Activity →
The records that follow need to be printed exactly. Leave out each image.

Items from a dataset:
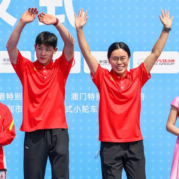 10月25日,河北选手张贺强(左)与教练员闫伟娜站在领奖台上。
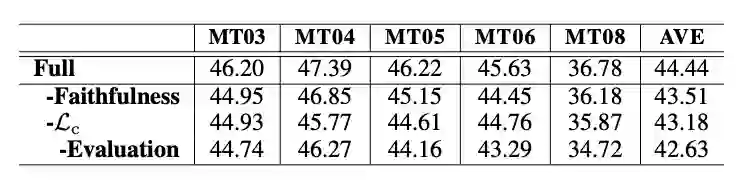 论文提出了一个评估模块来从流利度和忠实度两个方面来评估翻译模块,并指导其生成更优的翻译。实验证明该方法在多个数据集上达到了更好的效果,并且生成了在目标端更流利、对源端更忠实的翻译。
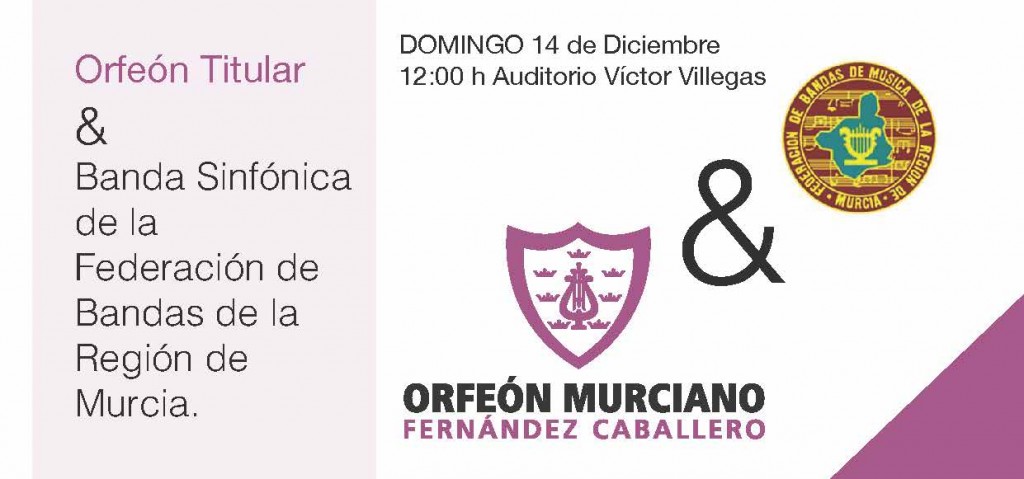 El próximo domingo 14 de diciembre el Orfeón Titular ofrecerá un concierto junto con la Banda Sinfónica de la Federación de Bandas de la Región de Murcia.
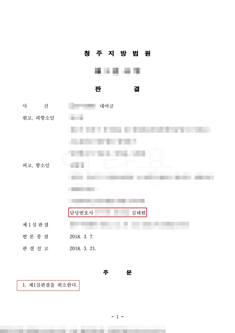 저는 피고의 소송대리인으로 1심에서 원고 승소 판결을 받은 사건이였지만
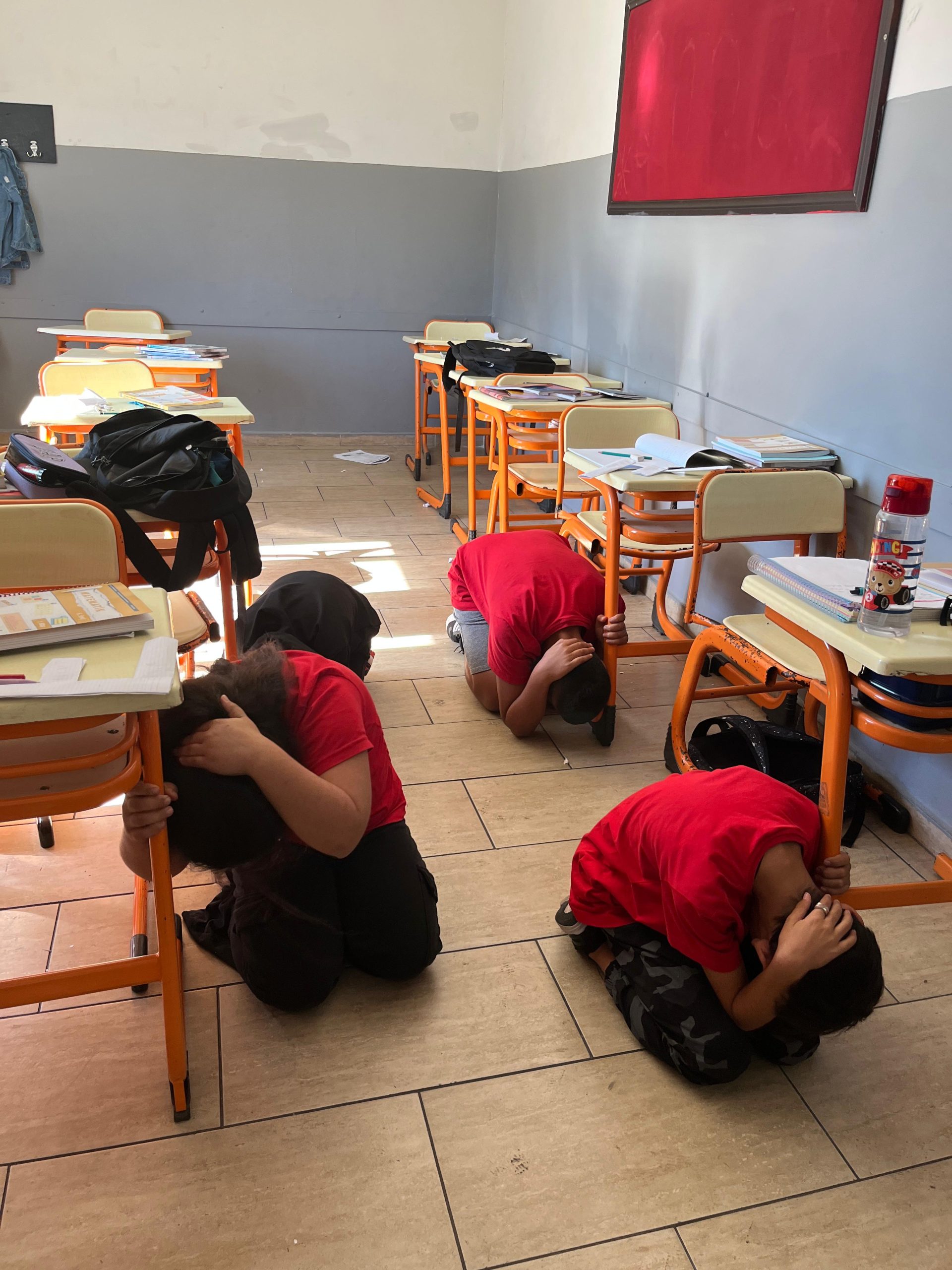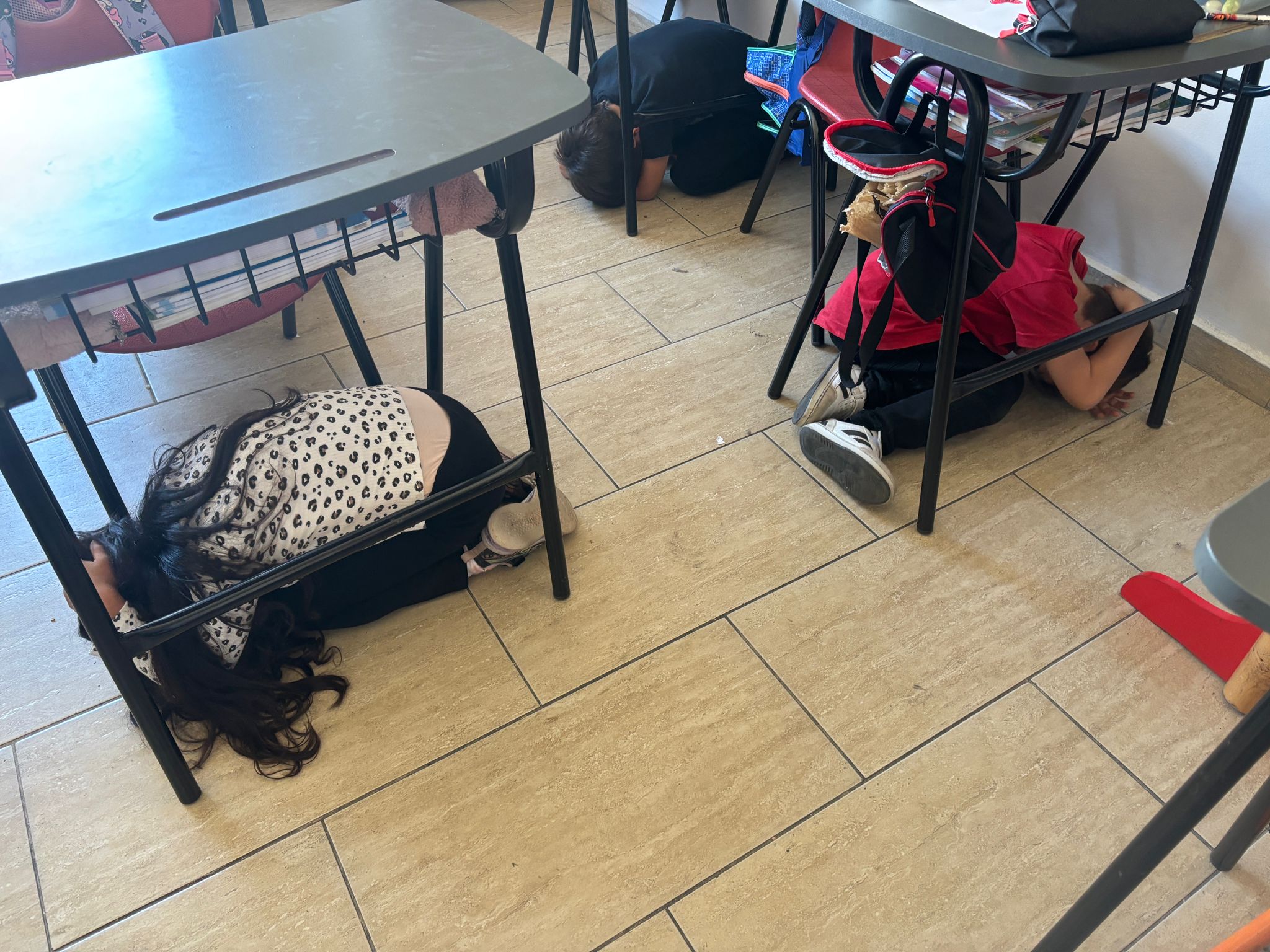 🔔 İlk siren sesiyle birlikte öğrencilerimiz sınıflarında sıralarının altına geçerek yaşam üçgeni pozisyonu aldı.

Output for this exercise →
 10月25日,河北选手张贺强(左)与教练员闫伟娜站在领奖台上。
 论文提出了一个评估模块来从流利度和忠实度两个方面来评估翻译模块,并指导其生成更优的翻译。实验证明该方法在多个数据集上达到了更好的效果,并且生成了在目标端更流利、对源端更忠实的翻译。
 El próximo domingo 14 de diciembre el Orfeón Titular ofrecerá un concierto junto con la Banda Sinfónica de la Federación de Bandas de la Región de Murcia.
 저는 피고의 소송대리인으로 1심에서 원고 승소 판결을 받은 사건이였지만
 🔔 İlk siren sesiyle birlikte öğrencilerimiz sınıflarında sıralarının altına geçerek yaşam üçgeni pozisyonu aldı.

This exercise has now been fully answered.